Given data:
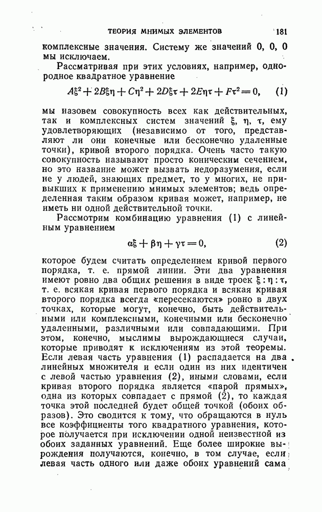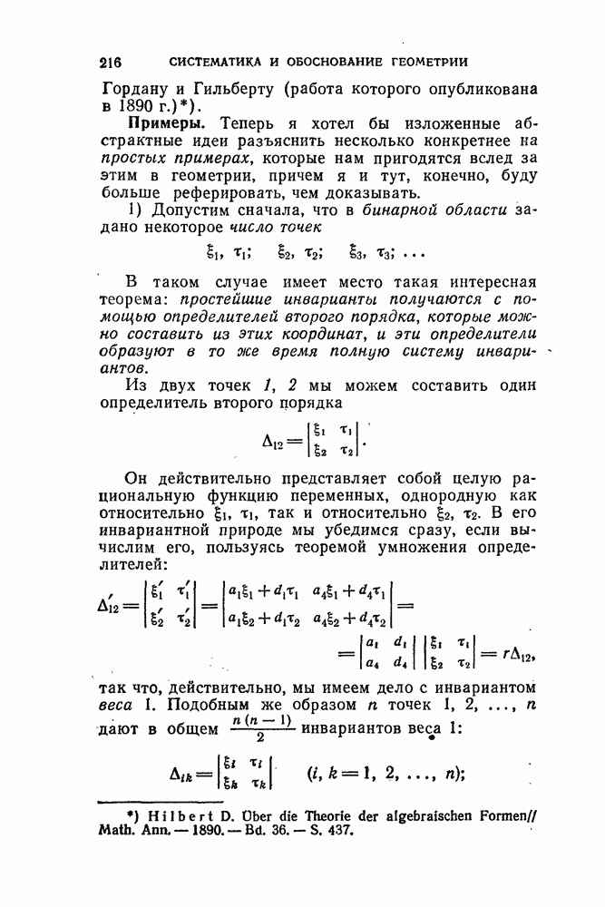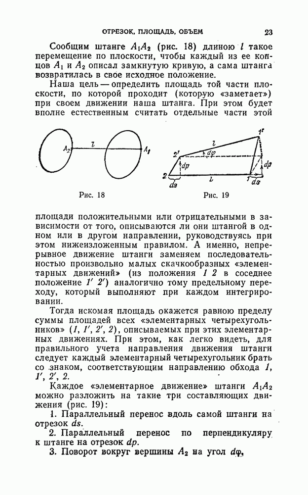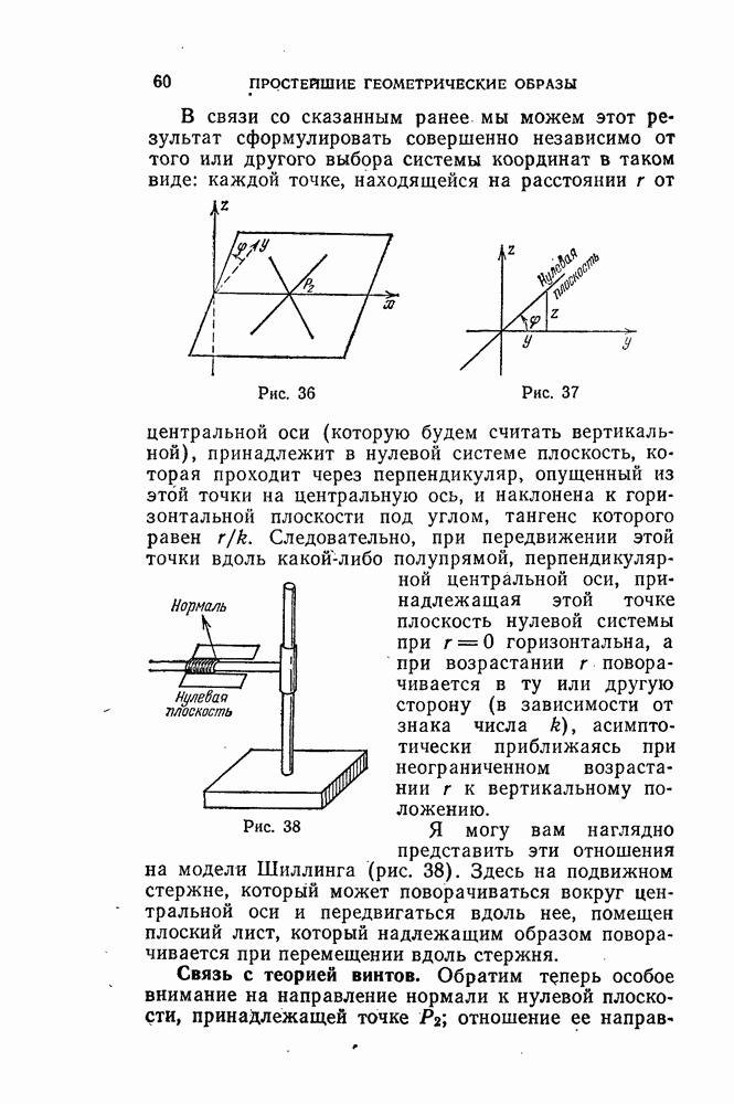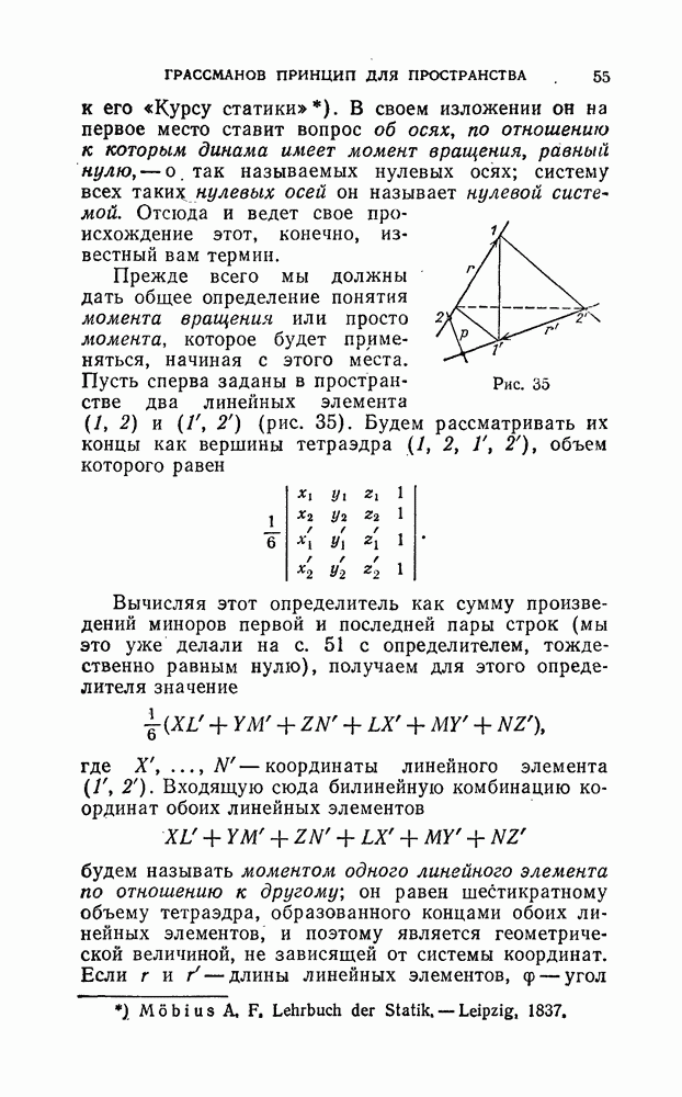 В самом деле, можно считать, что знаменатель отличен от нуля, ибо в противном случае мы с самого начала имели бы дело не с собственной динамой, а только с парой сил. Таким образом, приписывая параметру k это значение—Плюккер называет его параметром динамы, — мы действительно получаем искомое разложение динамы на требуемые пару сил и одну силу, причем из хода доказательства видно, что это разложение однозначно. Связь с нулевой системой Мёбиуса. Теперь возникает вопрос о том, с какими геометрическими представлениями можно связать это разложение. Эти исследования также восходят к Мёбиусу, а именно, к его «Курсу статики». В своем изложении он на первое место ставит вопрос об осях, по отношению к которым динама имеет момент вращения, равный нулю, — о так называемых нулевых осях; систему всех таки нулевых осей он называет нулевой системой. Отсюда и ведет свое происхождение этот, конечно, известный вам термин. Прежде всего мы должны дать общее определение понятия момента вращения или просто момента, которое будет применяться, начиная с этого места. Пусть сперва заданы в пространстве два линейных элемента (1, 2) и (1, 2) (рис. 35).
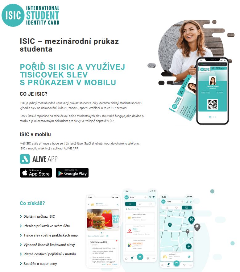 25. října 2023ISIC v mobilu jedině s AliveAPPPokud již nechcete nosit u sebe Váš plastikový průkaz ISIC, ITIC či ALIVE, využijte novou mobilní aplikaci AliveAPP. Po stažení, založení si účtu a jednorázovém nahrání čísla Vašeho průkazu, budete mít svůj ISIC, ITIC či ALIVE stále při ruce a nejnovější akce i slevy na dosah. Více v letáčku
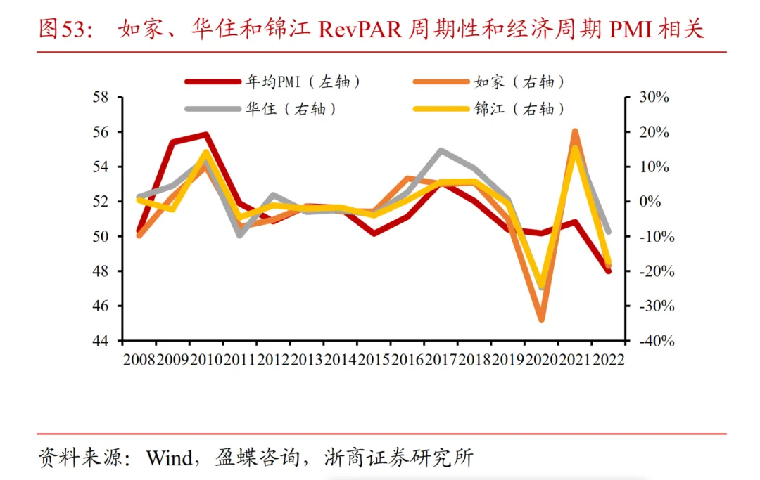 国内三大酒店集团的RevPAR波动往往也与PMI紧密相关,目前较低PMI也就表明酒店行业的需求依然疲软,四季度预计仍将面临不小的困难。
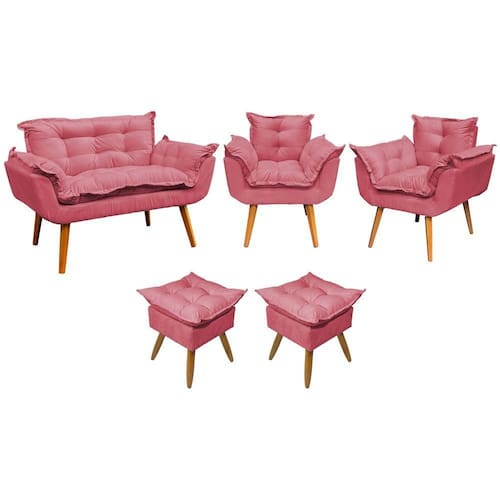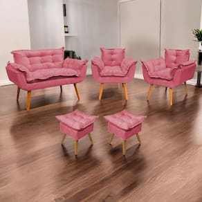 Fabricado com madeira maciça de eucalipto, o Kit Alice garante durabilidade e resistência. O assento e encosto possuem enchimento 100% em fibra siliconada, proporcionando maciez e conforto excepcionais. Revestido em tecido suede, oferece um toque macio e sofisticado. Seus pés, em madeira na tonalidade castanho, possuem design moderno e estável, trazendo charme e elegância ao ambiente. Com capacidade para até 120 kg na poltrona e namoradeira, e 100 kg no puff, é a escolha ideal para quem busca qualidade, conforto e estilo.
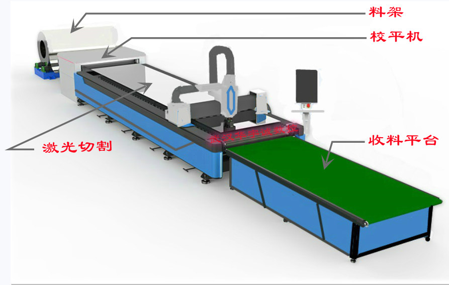 卷料備展開(kāi)后,經(jīng)過(guò)了整平這一工序,材料內(nèi)應(yīng)力便得到了大部分的消除,在通過(guò)系統(tǒng)控制的激光切割頭在激光切割平臺(tái)上進(jìn)行的三維運(yùn)動(dòng)切割,實(shí)現(xiàn)對(duì)金屬帶料的自動(dòng)落料。
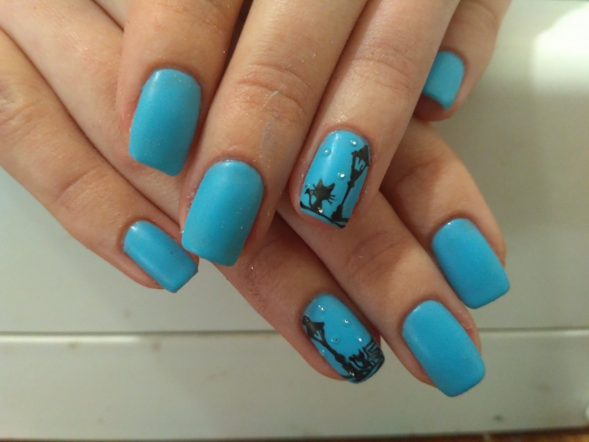 Маникюр голубой морской
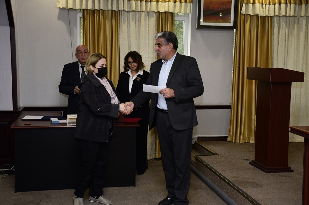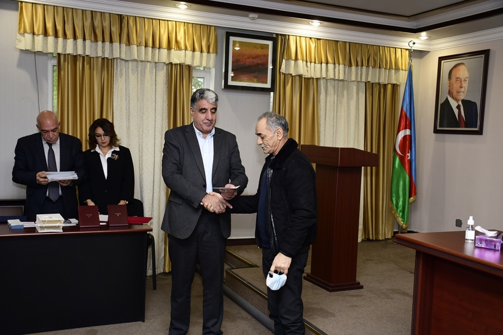 Sonda SOCAR-ın Kompleks Qazma İşləri Trestinin qazi və şəhid ailələrindən olan əməkdaşlarına SOCAR-ın «Fəxri Neftçi» döş nişanları, fəxri fərmanları və müxtəlif mükafatları təqdim olundu.
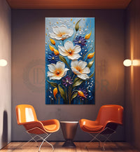 White flowers in blue textured background painting - Flower-V-16 – Divinity Decor index
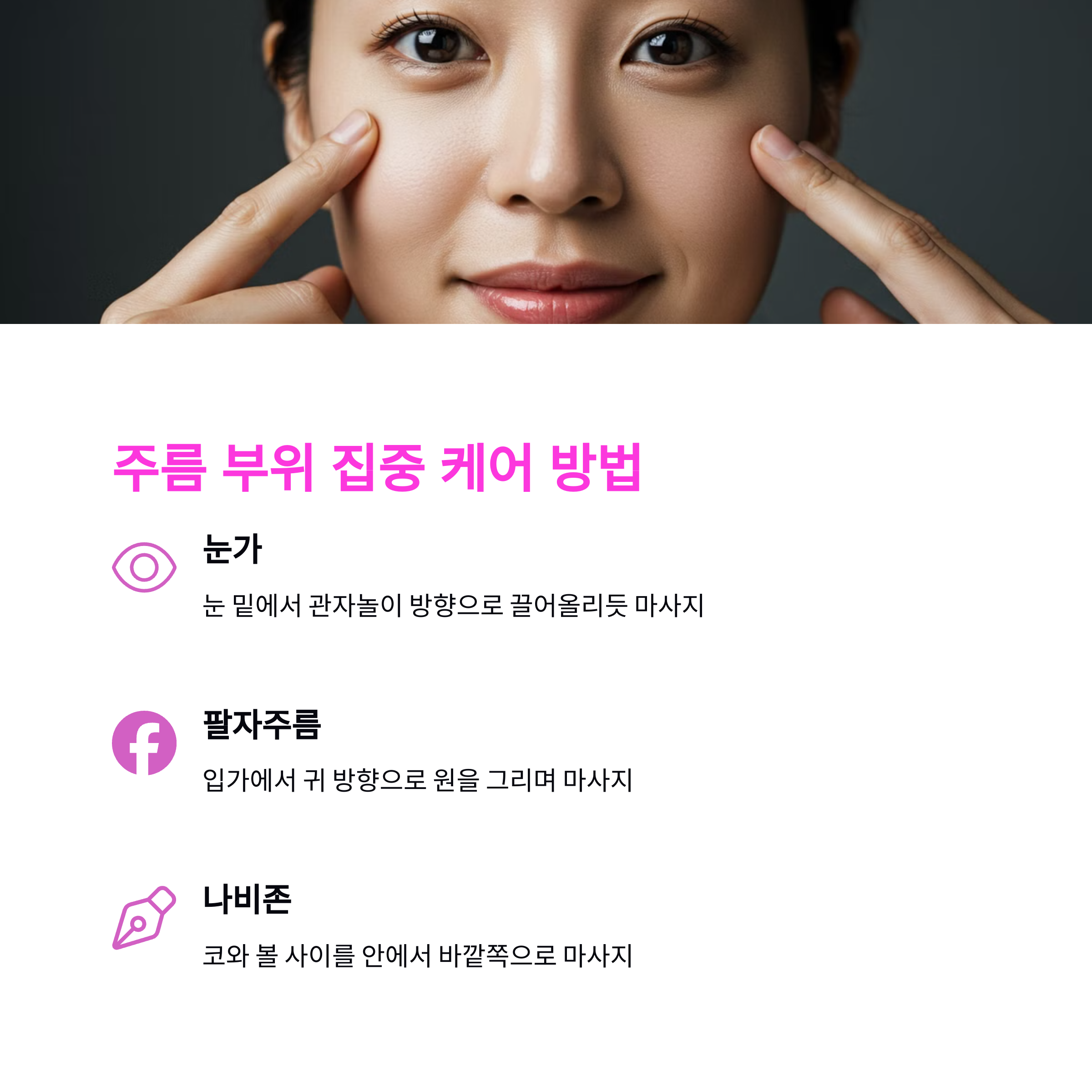 주름이 신경 쓰이는 부위는 여러 번 마사지하며 흡수시키는 것이 효과적이에요. 특히 눈가, 팔자주름, 나비존을 안에서 바깥쪽으로 끌어올리듯 마사지하거나 원을 그리며 흡수시키면 더욱 효과적입니다.
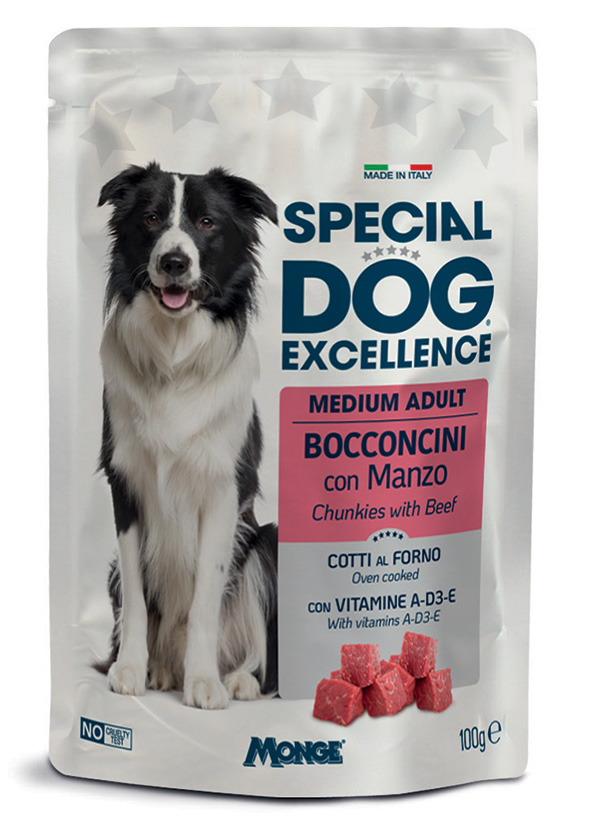 SPECIAL DOG EXCELLENCE BOCCONCINI CON MANZO è un alimento completo per cani adulti di taglia media, di età compresa tra 1 e 8 anni. Una deliziosa ricetta senza coloranti, conservanti e zuccheri aggiunti.

What you will do:
Every line of the material must be returned exactly; leave the images out.

Result of this task:
 В самом деле, можно считать, что знаменатель отличен от нуля, ибо в противном случае мы с самого начала имели бы дело не с собственной динамой, а только с парой сил. Таким образом, приписывая параметру k это значение—Плюккер называет его параметром динамы, — мы действительно получаем искомое разложение динамы на требуемые пару сил и одну силу, причем из хода доказательства видно, что это разложение однозначно. Связь с нулевой системой Мёбиуса. Теперь возникает вопрос о том, с какими геометрическими представлениями можно связать это разложение. Эти исследования также восходят к Мёбиусу, а именно, к его «Курсу статики». В своем изложении он на первое место ставит вопрос об осях, по отношению к которым динама имеет момент вращения, равный нулю, — о так называемых нулевых осях; систему всех таки нулевых осей он называет нулевой системой. Отсюда и ведет свое происхождение этот, конечно, известный вам термин. Прежде всего мы должны дать общее определение понятия момента вращения или просто момента, которое будет применяться, начиная с этого места. Пусть сперва заданы в пространстве два линейных элемента (1, 2) и (1, 2) (рис. 35).
 25. října 2023ISIC v mobilu jedině s AliveAPPPokud již nechcete nosit u sebe Váš plastikový průkaz ISIC, ITIC či ALIVE, využijte novou mobilní aplikaci AliveAPP. Po stažení, založení si účtu a jednorázovém nahrání čísla Vašeho průkazu, budete mít svůj ISIC, ITIC či ALIVE stále při ruce a nejnovější akce i slevy na dosah. Více v letáčku
 国内三大酒店集团的RevPAR波动往往也与PMI紧密相关,目前较低PMI也就表明酒店行业的需求依然疲软,四季度预计仍将面临不小的困难。
 Fabricado com madeira maciça de eucalipto, o Kit Alice garante durabilidade e resistência. O assento e encosto possuem enchimento 100% em fibra siliconada, proporcionando maciez e conforto excepcionais. Revestido em tecido suede, oferece um toque macio e sofisticado. Seus pés, em madeira na tonalidade castanho, possuem design moderno e estável, trazendo charme e elegância ao ambiente. Com capacidade para até 120 kg na poltrona e namoradeira, e 100 kg no puff, é a escolha ideal para quem busca qualidade, conforto e estilo.
 卷料備展開(kāi)后,經(jīng)過(guò)了整平這一工序,材料內(nèi)應(yīng)力便得到了大部分的消除,在通過(guò)系統(tǒng)控制的激光切割頭在激光切割平臺(tái)上進(jìn)行的三維運(yùn)動(dòng)切割,實(shí)現(xiàn)對(duì)金屬帶料的自動(dòng)落料。
 Маникюр голубой морской
 Sonda SOCAR-ın Kompleks Qazma İşləri Trestinin qazi və şəhid ailələrindən olan əməkdaşlarına SOCAR-ın «Fəxri Neftçi» döş nişanları, fəxri fərmanları və müxtəlif mükafatları təqdim olundu.
 White flowers in blue textured background painting - Flower-V-16 – Divinity Decor index
 주름이 신경 쓰이는 부위는 여러 번 마사지하며 흡수시키는 것이 효과적이에요. 특히 눈가, 팔자주름, 나비존을 안에서 바깥쪽으로 끌어올리듯 마사지하거나 원을 그리며 흡수시키면 더욱 효과적입니다.
 SPECIAL DOG EXCELLENCE BOCCONCINI CON MANZO è un alimento completo per cani adulti di taglia media, di età compresa tra 1 e 8 anni. Una deliziosa ricetta senza coloranti, conservanti e zuccheri aggiunti.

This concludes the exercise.